Friday, March 19, 2010

Most Impatient Person Award

That award should be given to me. I absolutely hate waiting. It's almost unfair how impatient I am. For example, I'm currently annoyed that my boyfriend is taking over an hour and a half to text me back, but one time I didn't get back to him for over two hours and he didn't mind at all. Usually when he takes a while to get back to me it's because he's doing something important for school or with his family and I make myself look like a bitch. =/

The other day, the senior class at my school went on a retreat. In one of the activities, we had to wear a blindfold while 5 students walked around and tapped our heads if we showed whatever quality/trait/characteristic a teacher called out. One person said I was patient. I have no idea who said this, but I would like to know just so I could go up to this person and say, "You are sorely mistaken."

Those close to me agree I'm not the most patient person. I have a short attention span (in my opinion), I can't sit still, I can't wait for practically two seconds, and I have the temper of a middle-aged man with three kids (i.e. my father).


Allow me to get a little religious with this. January was not a good month for me.* Like I said, I was feeling cynical and hopeless. I was about ready to give up on life. See, I've been spoiled my whole life, including with God's grace; there have been times where I would pray to God to help me through whatever situation I was in and the next day, everything was okay. But now I was getting impatient. I said several times that I gave up and I was sick of waiting. I was giving up hope that God would get me out of this any time soon.

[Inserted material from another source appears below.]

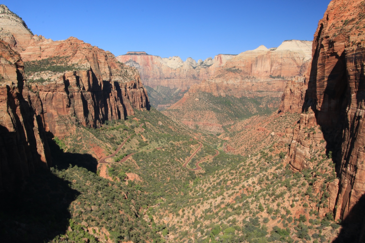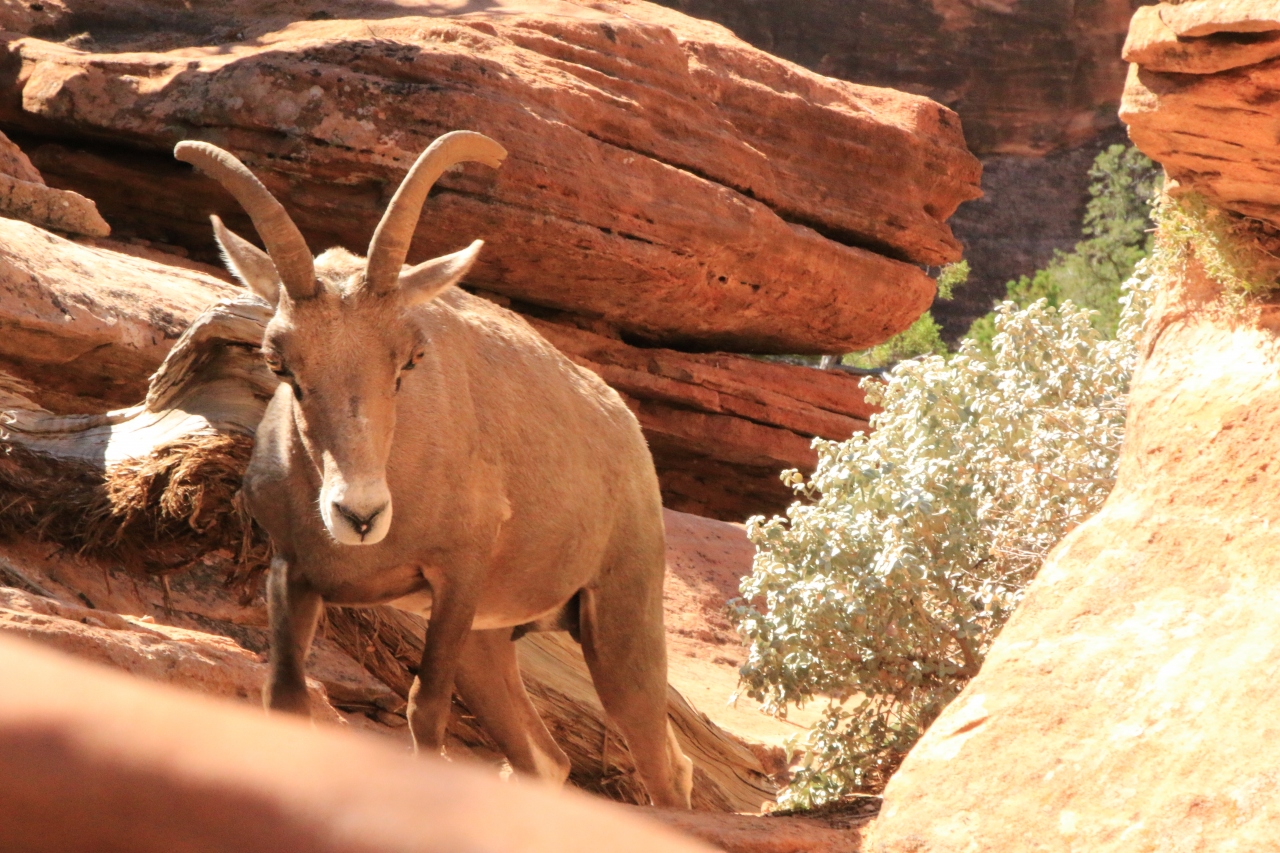 ザイオン・マウントカーメルハイウェイ沿いにある岩の上の展望ポイントで片道30分ほどのトレイルがあります。トレイルはそれほどアップダウンはありませんが、かなり狭い場所や炎天下の中、岩の上を歩くので夏場はそれなりの覚悟が必要です。ただ30分登った先には素晴らしい絶景が待っていました。眼下にザイオンキャニオン、そしてそれを囲む山々が180度見渡せます。また、私達は展望ポイント近くでビッグホーンシープにも遭遇しました。この辺りに生息しているのでよく見られるそうですが、間近で見られたので感動しました。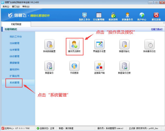 ????信管飛出納記賬軟件、信管飛RMS標(biāo)準(zhǔn)版和專業(yè)版都支持設(shè)置操作員不可查看其他人員錄入的出納憑證的權(quán)限,本篇文章以信管飛出納記賬軟件專業(yè)版為例詳細(xì)介紹一下如何設(shè)置操作員不可查看其他人員錄入的出納憑證。

However, I soon did get out of that mess I was in. I was so much happier and had renewed faith in God. Sometimes now I wonder why I ever doubted Him in the first place.

Which brings me back to my impatience. My being so spoiled my whole life made me unable to handle hard situations. The whole month was a learning experience for me. I realized that there will be tough times for me to go through and I'll have to get used to it. And I must always keep in mind that God is looking out for me.